140 West 65th Street
New York, NY 10023

Featured Dance Company:

American Ballet Theatre
American Ballet Theatre (office)
890 Broadway
New York, NY 10003

American Ballet Theatre's fall season opened October 7 at Avery Fisher Hall with three new works: Alexei Ratmanski's "Keyboard Sonata," to the music of Italian composer Domenico Scarlattti (1655-1757) who wrote for the harpsichord. Prior to Ratmanski's formal and elegant interpretation, Scarlatti's music was the accompaniment for Massine's "Les Femmes de bonne humeur," Loring's "Harlequin for President" (1936) and as well as for works by Béjart and Cranko.

Ratmanski uses the vocabulary and interpretation of ballet with infinite care, which is not always exciting, but like Balanchine, the dancers are courteous to each other in their roles. David Hallberg, seems to have found his mentor for his classroom approach to a role. The opening included "The Dying Swan," a solo Fokine work originally for Anna Pavlova, freely adapted by Maya Plisetskaya to include an arm waving exit facing upstage not in the original. The original film (too fragile to be displayed) is more heartbreaking as the swan lifts her arms to fly once more but cannot, and simply folds her wings and dies. Ah, well.

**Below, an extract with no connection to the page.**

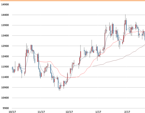
니켈 가격과 이동평균선(5, 20, 60)
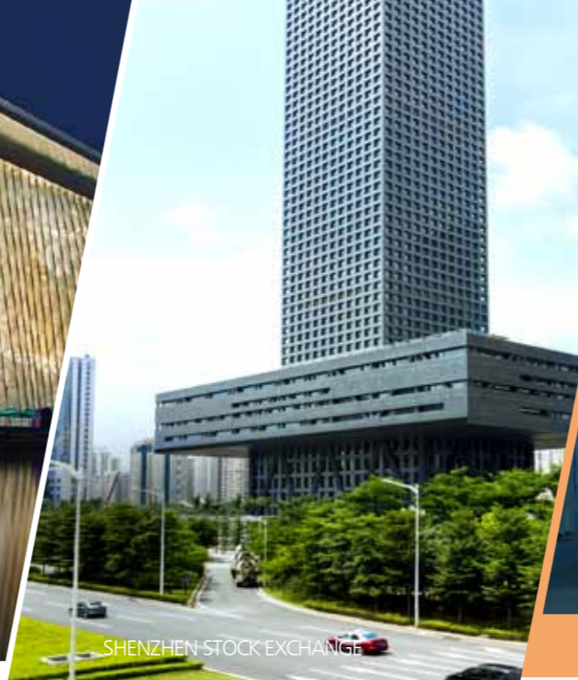
SHENZHEN STOCK EXCHANGE

Jerome Robbins' "Other Dances," danced by Gillian Murphy and David Hallberg, is a mildly humorous series of Chopin mazurkas. Hallberg knows how to do a mazurka. Murphy does not.

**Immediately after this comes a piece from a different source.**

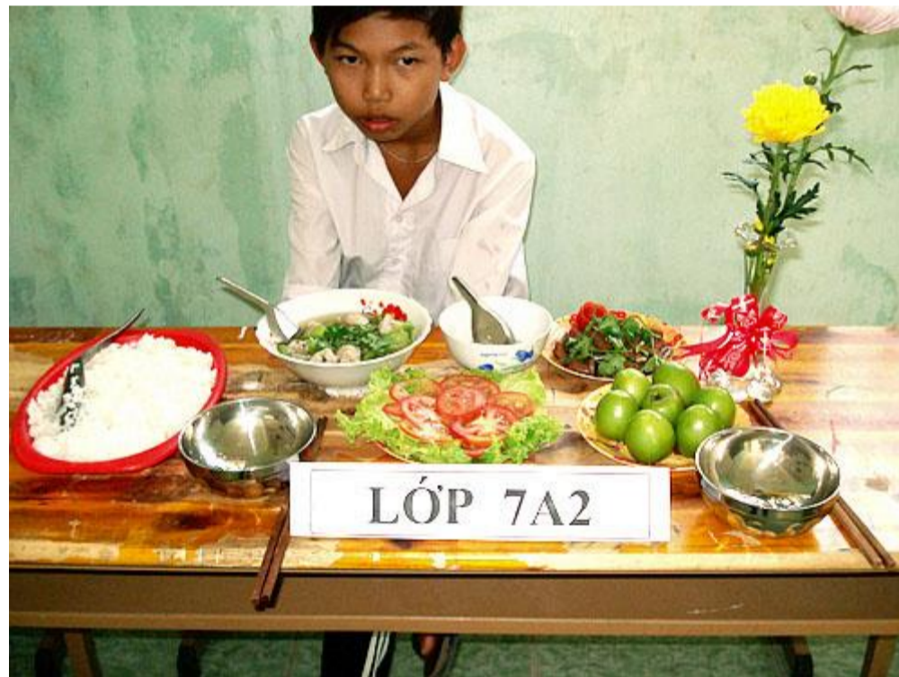
Hông được ăn! Buồn quá!.....

Azure Barton's new work, "One of Three" set to Ravel's Violin Sonata in G, is the "miss" of the season as she remains on her college vision.

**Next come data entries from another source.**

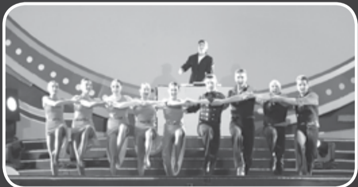
● Festival Biển 2023 đã chào đón sự tham gia biểu diễn của một số đoàn nghệ thuật nước ngoài. Trong ảnh: Các nghệ sĩ người Nga biểu diễn trong chương trình Âm vang đại dương.
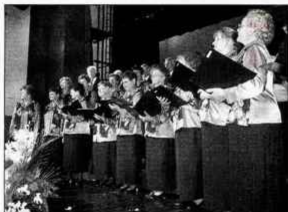
Pevke in pevci MePZ Društva upokojencev Kamnik.
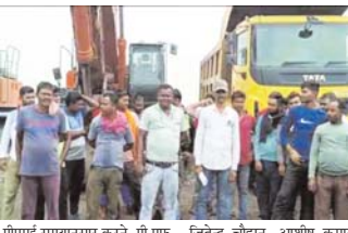
पीएमई समवायन करने, पी एक कटौती सहित श्रम कानून के अंतर्गत अन्य मांगों को पूरा करने की मांग की। मजदूरों ने शुक्रवार को सुरक्षा में अन्देड़ो व श्रम कानून के उल्लंघन का आरोप लगाया...
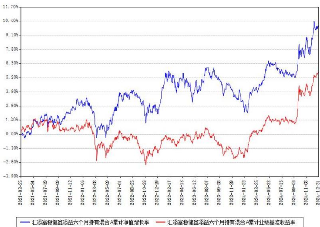
汇添富稳健鑫添益六个月持有混合A累计净值增长率与同期业绩基准收益率对比图
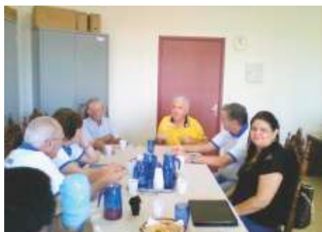
LC de Ituverava Reunião Administrativa
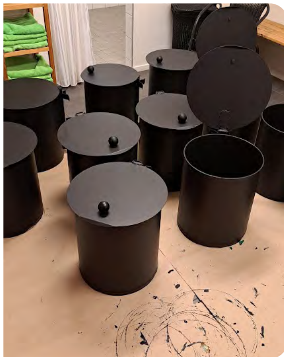
Gamla soptunnor blir som nya efter uppfräschning.

But it was the work of Benjamin Millepied, who knows how to keep a high interest in his scenarios and present a challenge to his dancers, that created a work that might rival "Rite of Spring," or "Le Sacre du Printemps," choreographed by Nijinski in 1913 for Diaghilev depicting pagan Russian fertility rites. Millepied's work, "Everything Doesn't Happen at Once", using 25 cast members headed by Marcelo Gomes, to music by David Lang." It includes his musical excerpts "cheating, lying, stealing," rites. Millepied groups then shatters his groups as he includes violence, and a hero, here and there and a few tender moments. Coming to the front of attention, in this work, was Daniil Simkin, a young dancer, who astounded a matinée audiences last year and who was also a remarkable contender in an earlier "Youth America Grand Prix" competition. Simkin, an American, has youthful abandon in his leaps, and turns in the manner of André Eglevsky, a former premier dancer, who left his arms out during his multiple turns, slowly bringing them in after 7 or 8 revolutions. (It is a technique originally taught by a Russsian teacher, Nicholas Legat in the last century.)The work closes with a sensational leap by Simkin halfway across the stage who is then caught by male members of the cast.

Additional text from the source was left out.